A paired T test was performed for pre and post-operative comparison of MSTS. An un-paired T test was used to compare anthropometric, anamnestic data, Karnofsky, MSTS, VAS, blood exams between groups. Chi-square test was performed for evaluation of complication in the two group. Multiple linear regression was used to match the functional outcomes and complication’s incidence in the population study. Logistic regression was performed to analyze the odds ratio of different parameters in the incidence of complication.

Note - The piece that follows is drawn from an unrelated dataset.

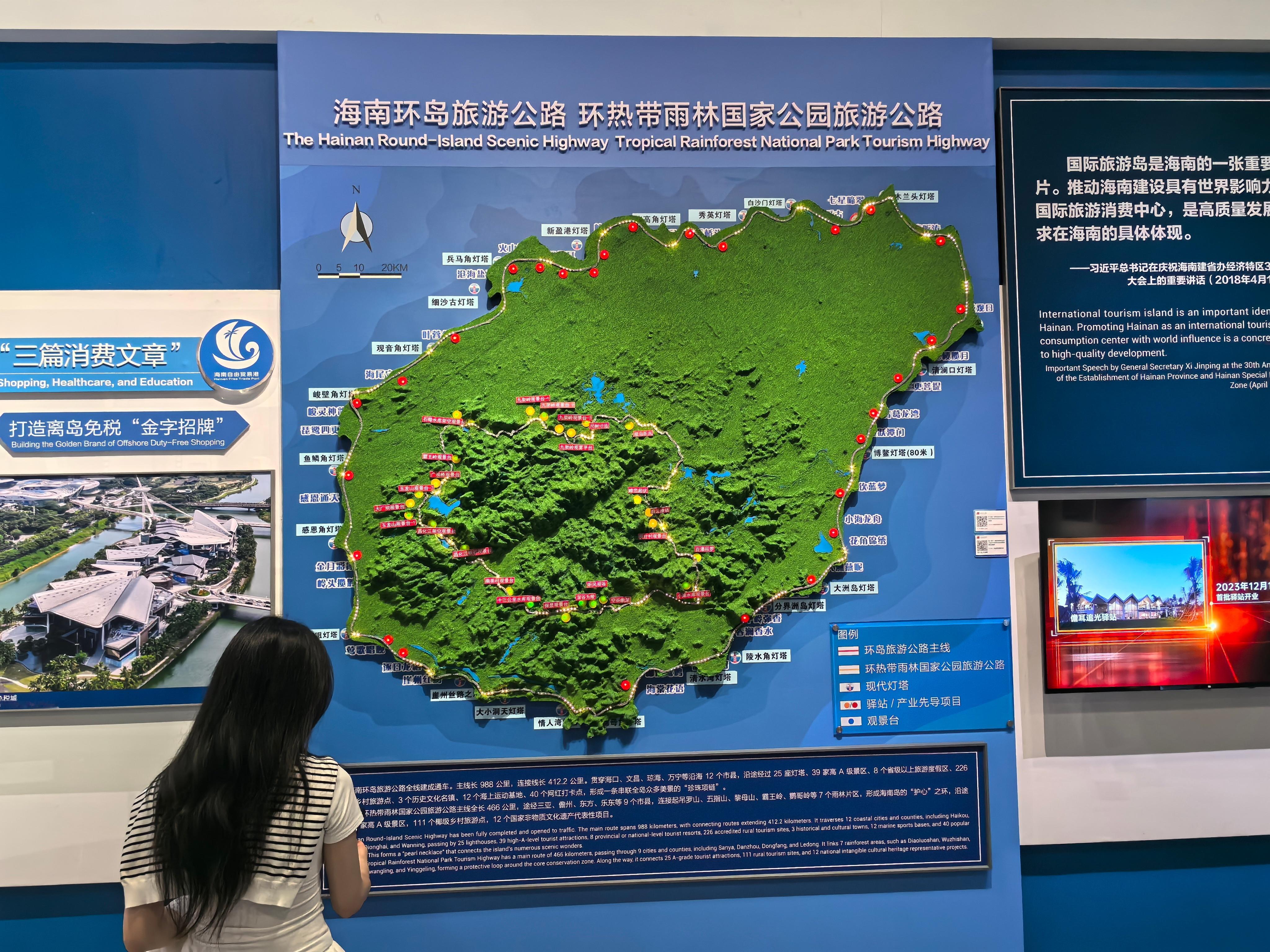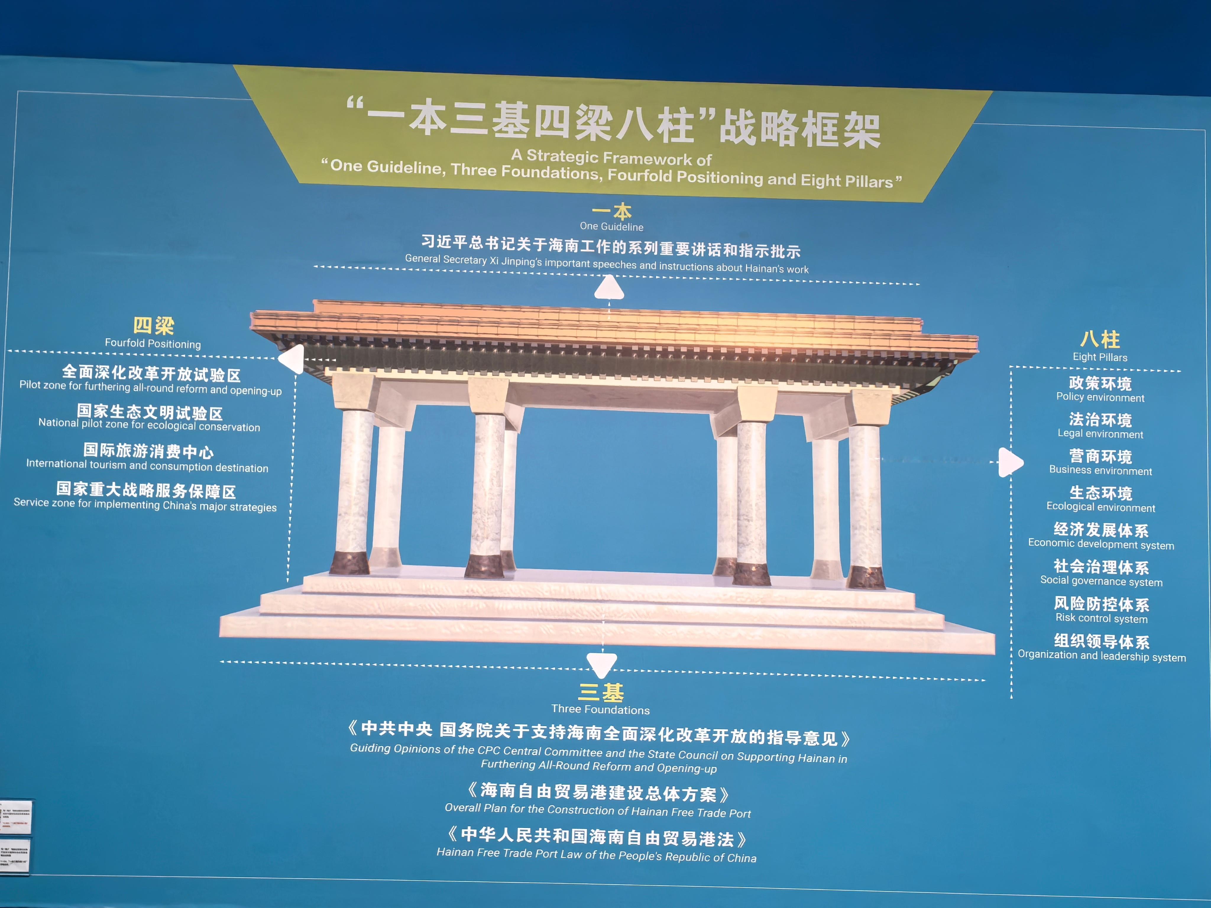 该展览从海南历史沿革、百年奋斗历程和不同发展时期的战略定位切入,深刻揭示了党中央赋予海南全面深化改革开放新使命的重大历史意义,进而围绕海南“三区一中心”战略定位徐徐展开,以一幅幅图片、一张张图表和一段段视频,让参观者对海南自由贸易港建设形成深入系统的了解,为每个人勾画出海南自由贸易港建设的清晰蓝图。

Significance was set for p < 0.05.

Result

One hundred twenty-nine patients were affected by trochanteric metastases during our analysis period.

Forty-five patients were considered eligible according to the inclusion and exclusion criteria and were finally enrolled in the study.

Twenty patients were assigned in the IN Group and twenty-five in the HM Group.

The primary outcome analyzed was the post-surgery clinical outcomes (MSTS and VAS score). The secondary outcome was blood exams evaluation and incidence of complications.

There were 16 male and 29 female, the mean age was 68.2 years old (± 10); the mean BMI was 25.4 points (± 3.7). The mean follow-up was 21.2 months (± 16.3). No statistical differences were noticed between IN Group and HM Group concerning the age, gender, BMI or active fracture/impending fracture (Table 1).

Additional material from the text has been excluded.